2023 Program
Light Matter is Curated by James Hansen
Program Seven (Part Two): Un-framing
Sunday Nov. 6th, 4:30 PM, Nevins Theater
Flame of the Spent Hour
Roger Deutsch, Hungary, 2020, 8 minutes
New York Premiere
Hour by hour the ancient face of repeated Beings changes, and hour by hour, Thinking, we get older. Everything passes, unknown, and the knower Who remains knows he knows not. But nothing, Aware or unaware, returns. Equals, therefore, of what isn’t our equal, Let us preserve, in the heat we remember, The flame of the spent hour. Ricardo Reis (Fernando Pessoa)
I Was Born in 1988
Yasaman Baghban, Iran, 2022, 9 minutes
New York Premiere
A series of executions of Iranian political prisoners began in the summer of 1988, following the end of the eight-year war between Iran and Iraq. For nearly three decades, I have been preoccupied with the coincidence of this massacre and my birth in August 1988. The prisoners had no specific graves and were all buried in mass graves, and the most significant mass grave was called Khavaran. The mothers of these prisoners are a symbol of resistance and freedom, and they are called the mother of Khavaran. This film is an experimental documentary and a personal essay based on these events.
Sightreading
Nicholas Christenson, USA, 2023, 2 minutes
World Premiere
16mm
My first 16mm, Sightreading, was shot in August 2022 in Minneapolis and Chicago. It uses images from three sources: black mattes held in front of the sky near my parents’ house which were filmed and edited in-camera to a metronome; my friends drinking wine and discussing The Bachelor in their Chicago apartment; and details of a Breughel painting filmed from a television.” -NC
Bye Bye Now
Louise Bourque, Canada, 2022, 9 minutes
Waving hello to the filming cameraperson, the subjects through this very gesture, are also providing a future viewer with the acknowledgment of a constant good-bye to a fleeting moment. Yet when the film is projected and the captured gesture is seen, it's as if the subjects are saying hello again from the past. This film is an homage to the artist's father, the man behind the camera in these personal family archives.

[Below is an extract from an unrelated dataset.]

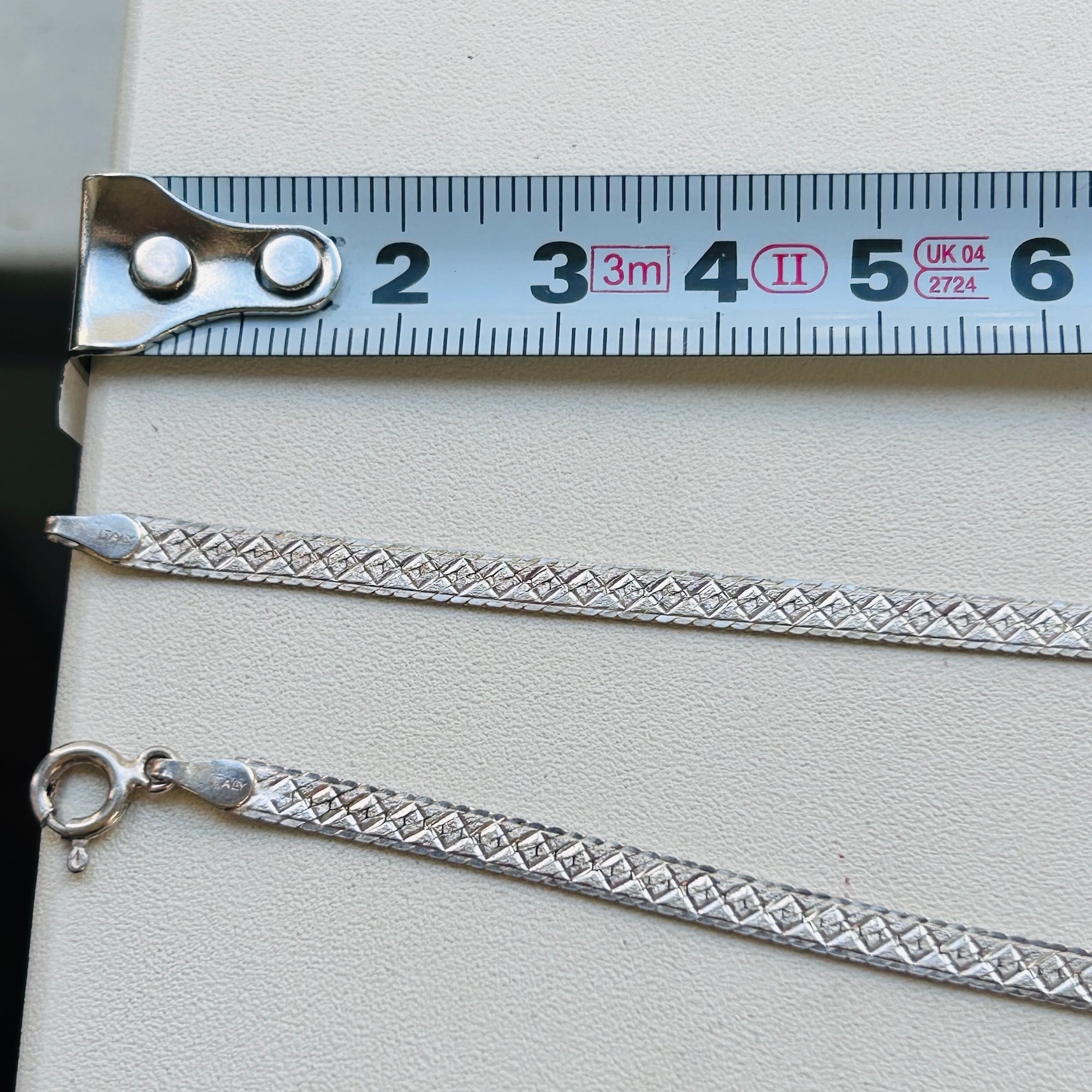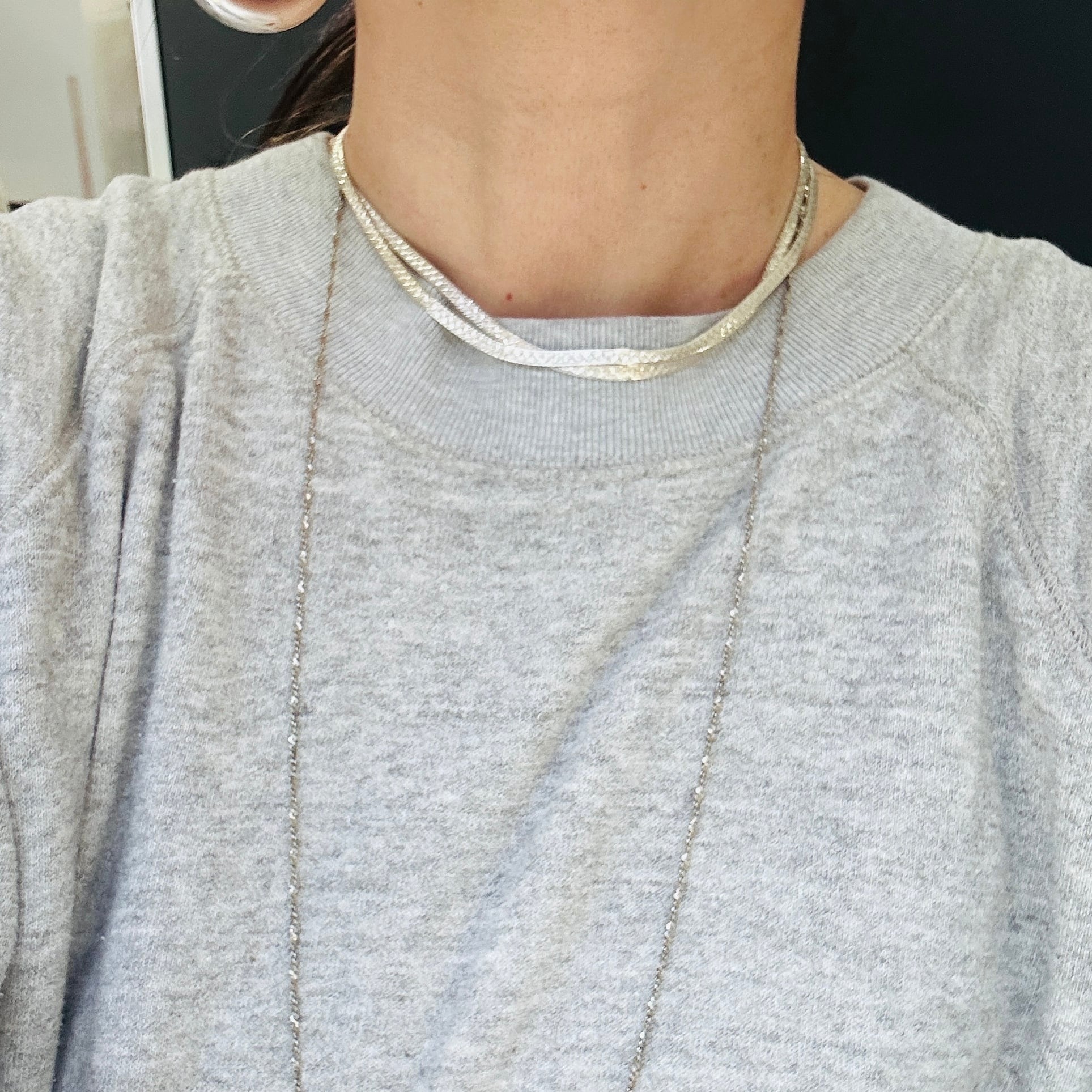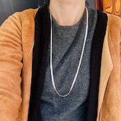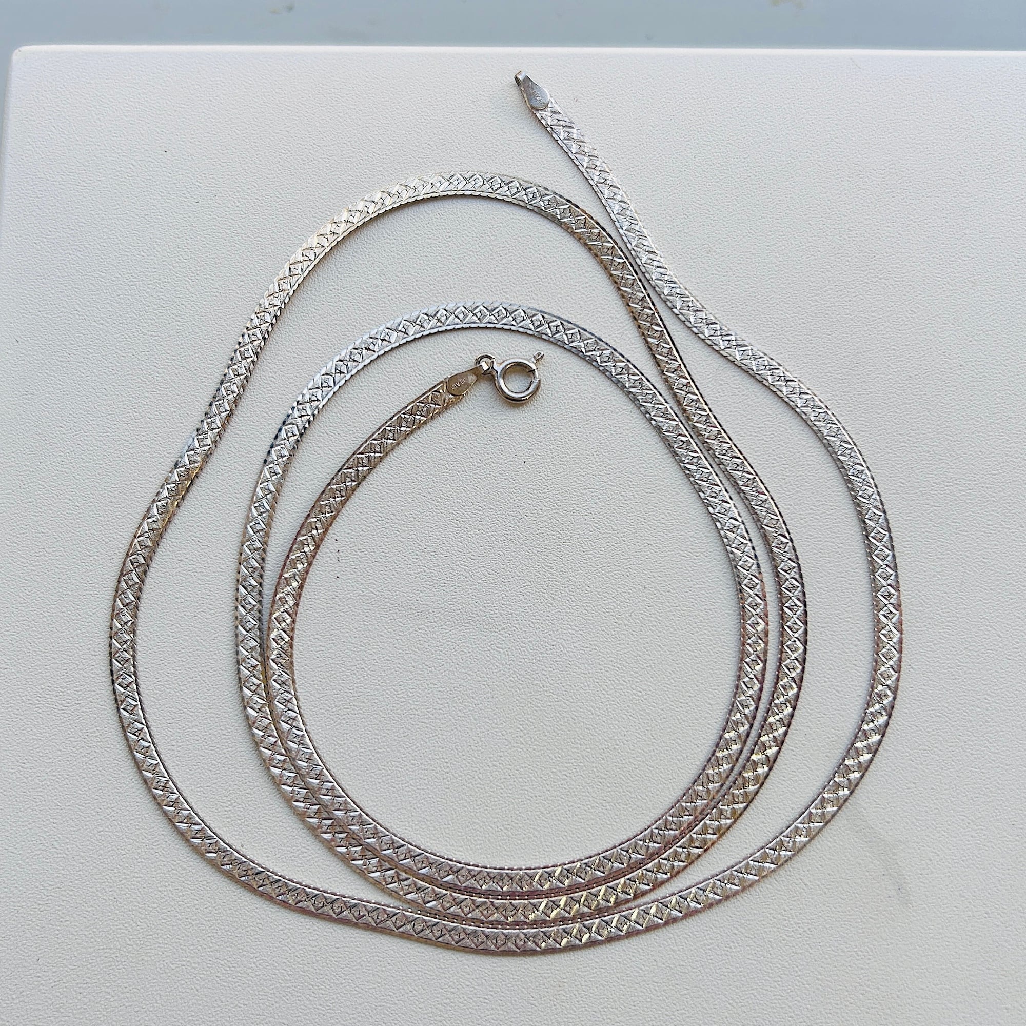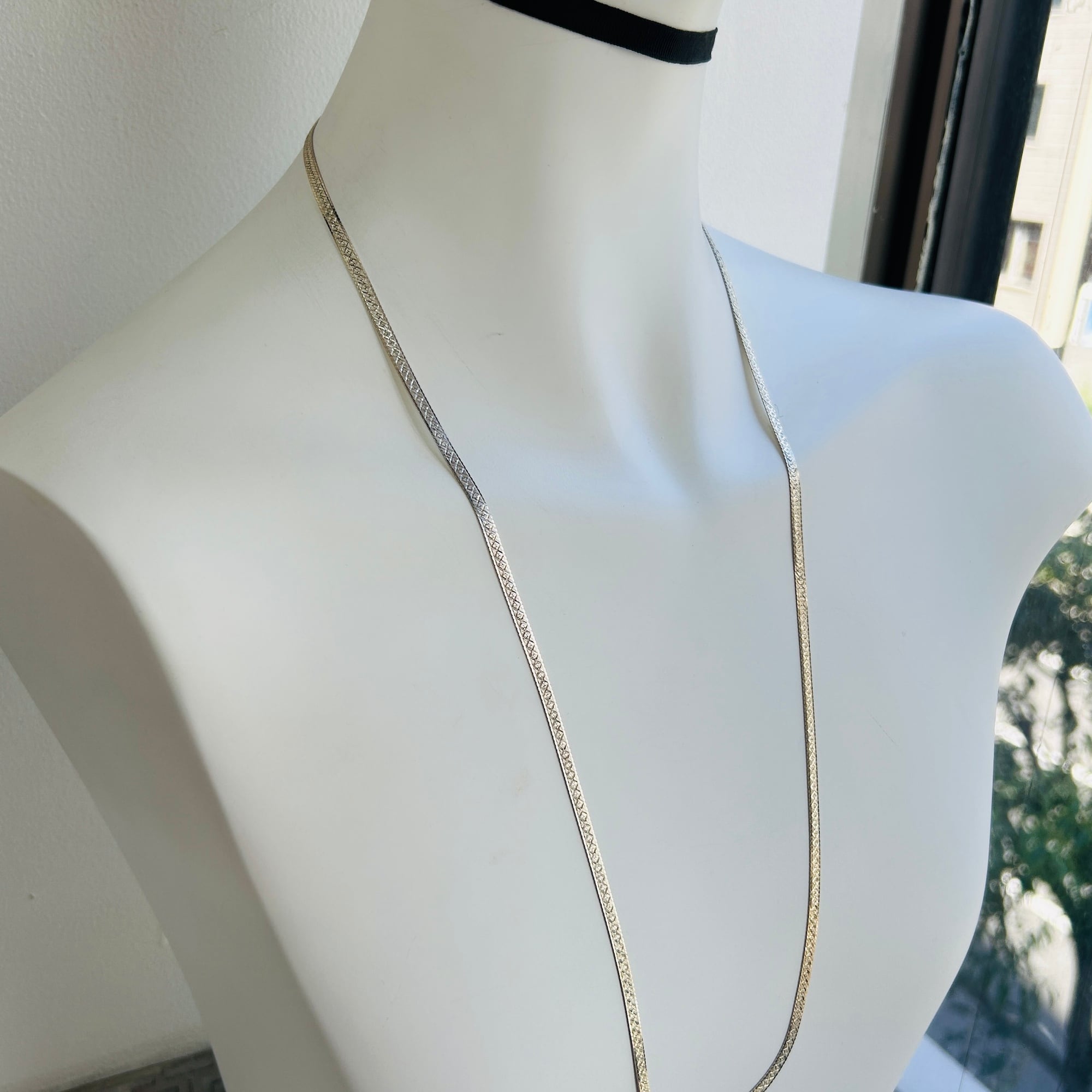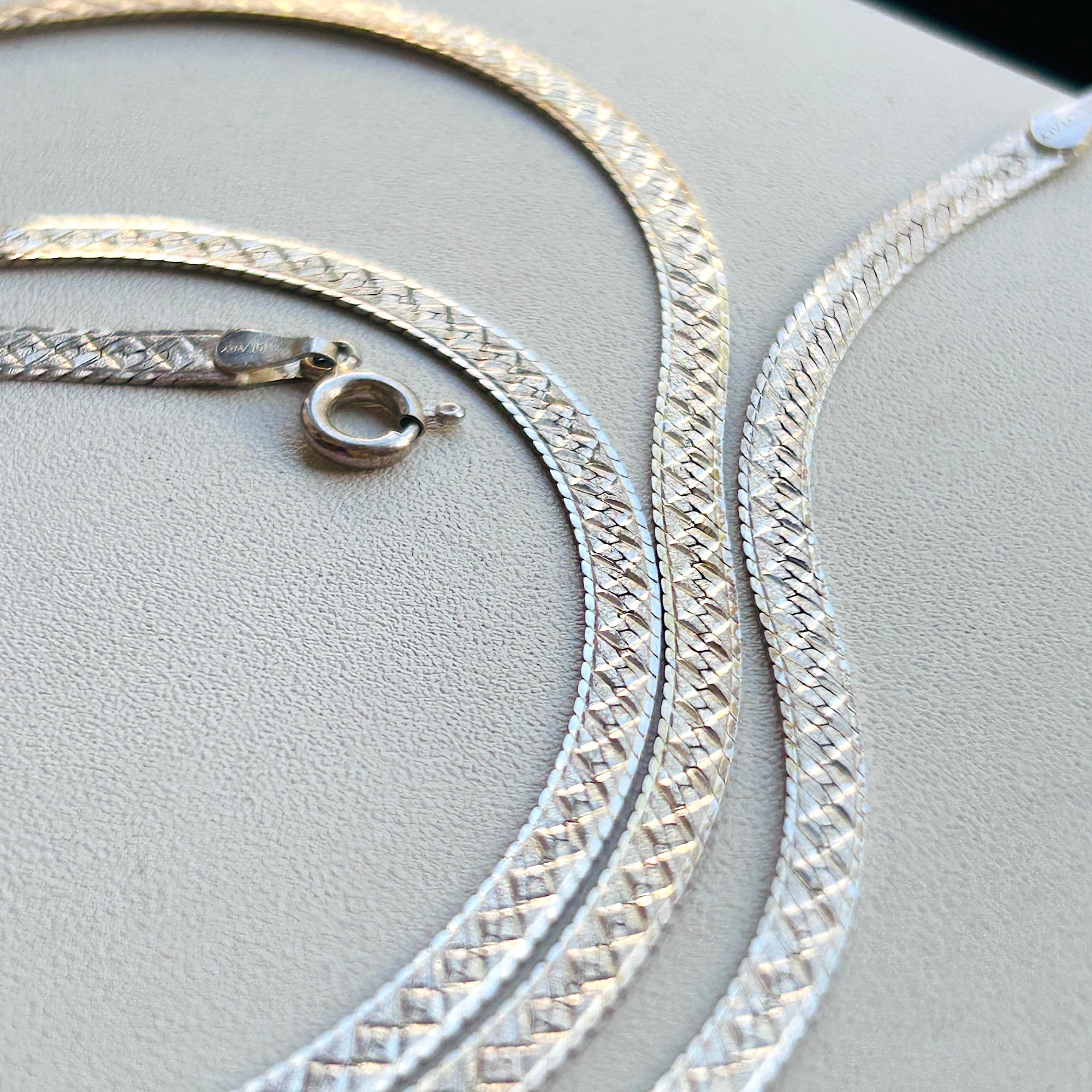 両面に細かい凹み模様とダイヤ柄がプレスされたヘリンボーンチェーン。セミマットなアルミ調の質感です。着けるだけでサマになるエレガントでかっこいいヘリンボーンネックレスです。2重巻きでも楽しんで頂けます。手早くパパっと首に巻く方がニュアンスよく決まるかなと思います。ヘリンボーンは柔らかく動きません。半分に曲げると折れ曲がってしまいますのでご注意ください。「ITALY」「925」刻印。一番手っ取り早くて楽なお手入れ方法はウェットティッシュで挟んでギューっと滑らせていくだけでクスミが取れて輝きます。すぐ乾くので拭き取り不要です。

Tlaloc (Lines Drawn in Water)
Abinadi Meza, USA, 2022, 9 minutes
New York Premiere
Tlaloc (Lines Drawn in Water) is a handmade cameraless 16mm film of materiality and transformation; an enigmatic otherworld where hues of water evolve into prismatic blooms. Tlaloc is the deity of waters, rain, lightning, and growth in the Aztec pantheon. This film explores the membrane of film itself - a moving skin marked by fluid, punctured by light. The protean soundtrack was entirely composed with contact microphones to capture handmade surface markings and gestures. The motion picture was made with direct animation, scratching, hand-painting, and contact-printing techniques.
bliss.jpg
Elijah Stevens, USA, 2023, 10 minutes
New York Premiere
A travelog through the familiar and unfamiliar terrain of digital landscapes. Pairing 16mm footage of computer desktop backgrounds with soundscapes of sites of technological extraction - precious metal mining, smelting foundries, microprocessing plants, and data farms - Bliss.jpg excavates and examines the geological and geographical sites that produce our virtual worlds.
Anamnesis
Izabella Retkowska, Poland, 2023,1 minute
North American Premiere
The sequence of repetitive images creates a hypnotic atmosphere that calls into the flow of emotional introspection and internal questions about the human mind, identity and memory. This memory, is partial. We discover that a part of ourselves (like our memory) is outside of us.
Spark from a Falling Star
Ross Meckfessel, USA, 2023, 21 minutes
A forbidding soundtrack of horns and distorted noise sets the scene for Ross Meckfessel’s Spark from a Falling Star, where shots of grocery store parking lots and dimly lit suburban roads breed atmospheres of low-level menace. At the other extreme, smooth digital renderings promise a shiny, spectral
Declarative Mode
Paul Sharits, USA, 1967, 39 minutes
16mm
Dedicated to Gerald O'Grady. This work was made possible by a Bicentennial Grant by the N.E.A. and the N.Y. State Council on the Arts. "This film, rather than being 'structural,' is 'narrative like.' We feel as if we are on some sort of journey, where we never know/predict what is to 'happen' next. It is engaging, like a novel full of surprises. The 'narrative' feeling is like a soap opera, which just keeps twisting and turning, with no apparent resolution intended (but there _is_ a closure on the purely formal level), as opposed to say _Miami Vice_ wherein the dramatic line moves towards and achieves a weekly resolution. This work prefigures a long series of 30 min. chapters in a 'Light Novel,' PASSARE, which I am presently working on (which could finally reach 40 hours in total length before I die). Aside from a recurrent red, white and blue phrase, there is no repetition in the film (repetition conventionally provides structural order)." - P.S.